The main advantage of trading using opposite Basic Materials and Inverse Sp positions is that it hedges away some unsystematic risk. Because of two separate transactions, even if Basic Materials position performs unexpectedly, Inverse Sp can make up some of the losses. Pair trading also minimizes risk from directional movements in the market. For example, if an entire industry or sector drops because of unexpected headlines, the short position in Inverse Sp will offset losses from the drop in Inverse Sp's long position.

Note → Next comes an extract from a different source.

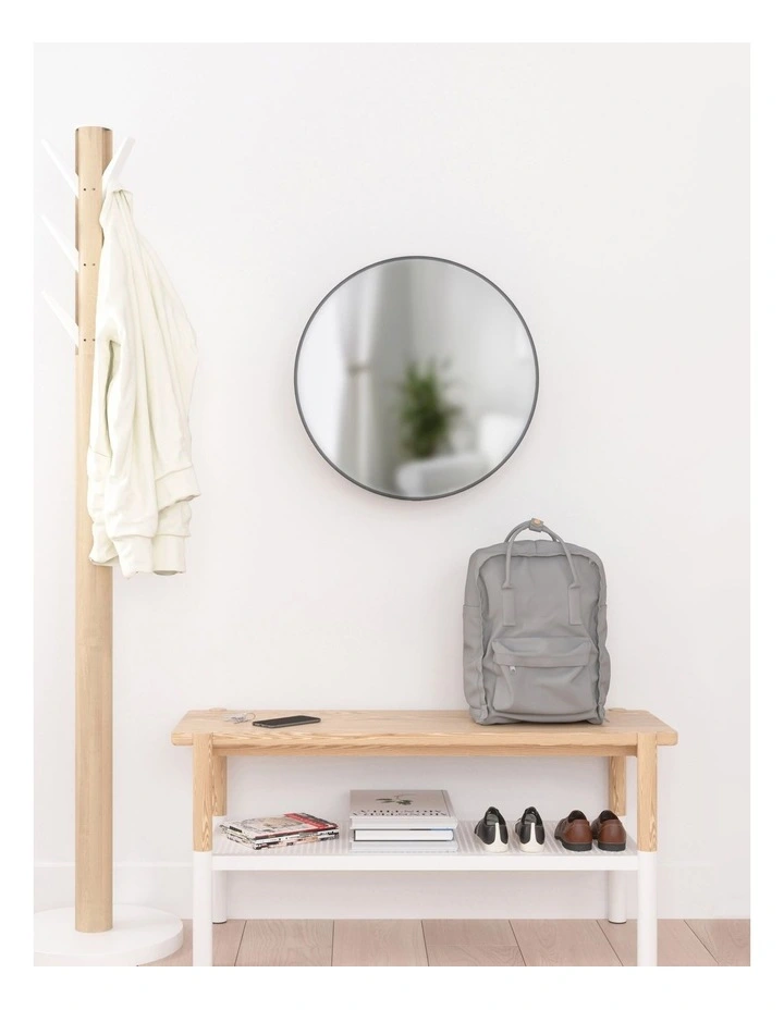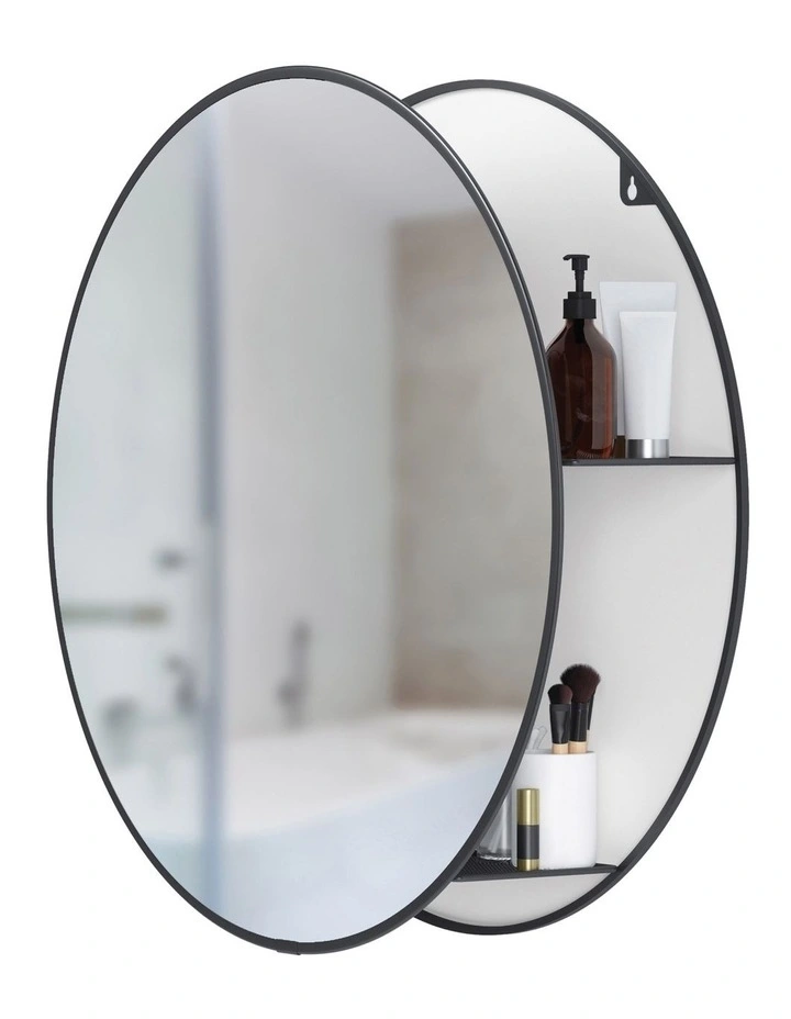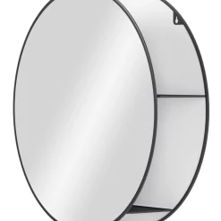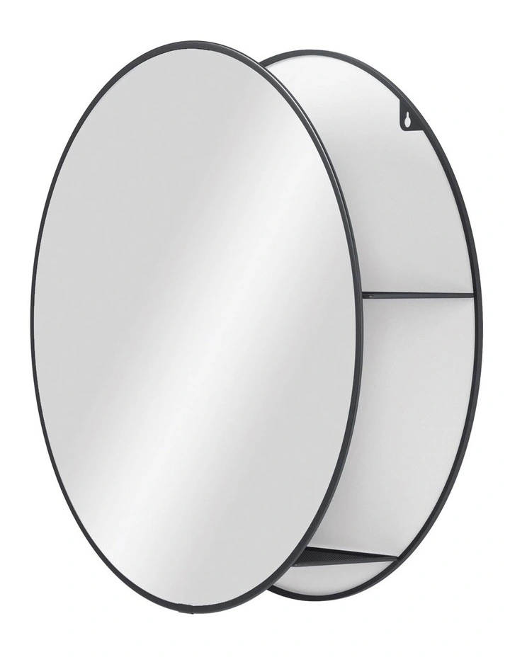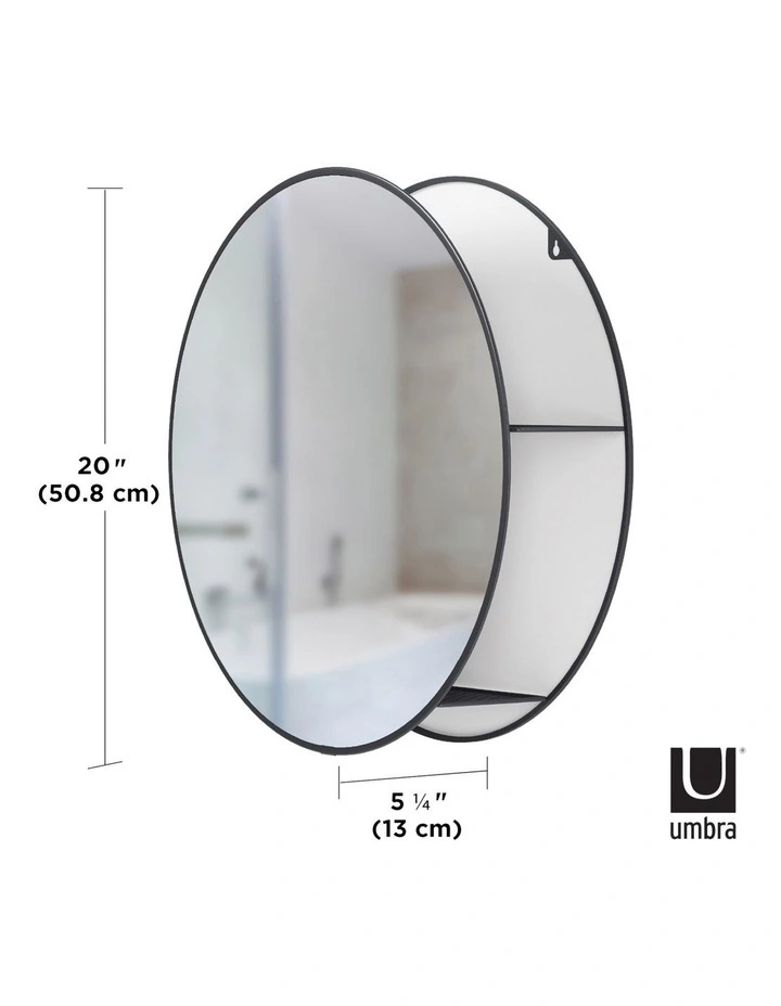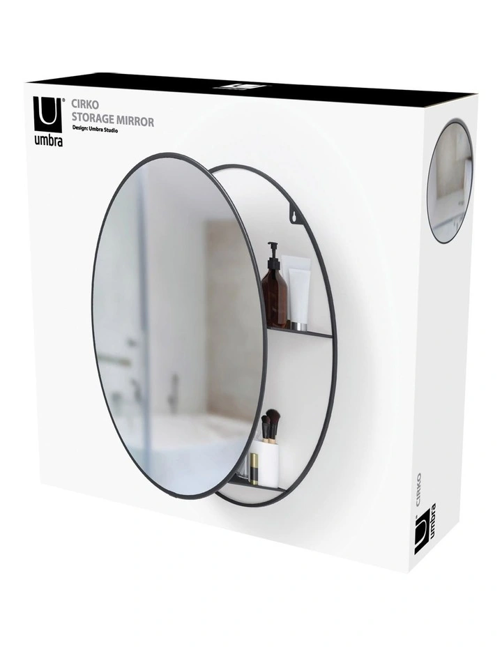Cirko is both a practical and decorative mirror and storage unit that fits well in many spaces. A modern take on the traditional medicine cabinet, Cirko has hidden storage shelves that conceal clutter and organize your belongings all while being stored behind a modern and unique large round mirror. This wall mirror is ideal for small space living as it provides extra storage while bringing light to your space. It can be used in entryways for keys, as a vanity mirror in your bathroom or anywhere else you want extra storage or a beautiful mirror in your home. Its large circular design effortlessly draws in light and opens up space, all while keeping necessities in arms reach and out of sight.

The idea behind Basic Materials Fund and Inverse Sp 500 pairs trading is to make the combined position market-neutral, meaning the overall market's direction will not affect its win or loss (or potential downside or upside). This can be achieved by designing a pairs trade with two highly correlated stocks or equities that operate in a similar space or sector, making it possible to obtain profits through simple and relatively low-risk investment.
Check out your portfolio center.
Note that this page's information should be used as a complementary analysis to find the right mix of equity instruments to add to your existing portfolios or create a brand new portfolio. You can also try the Portfolio Dashboard module to portfolio dashboard that provides centralized access to all your investments.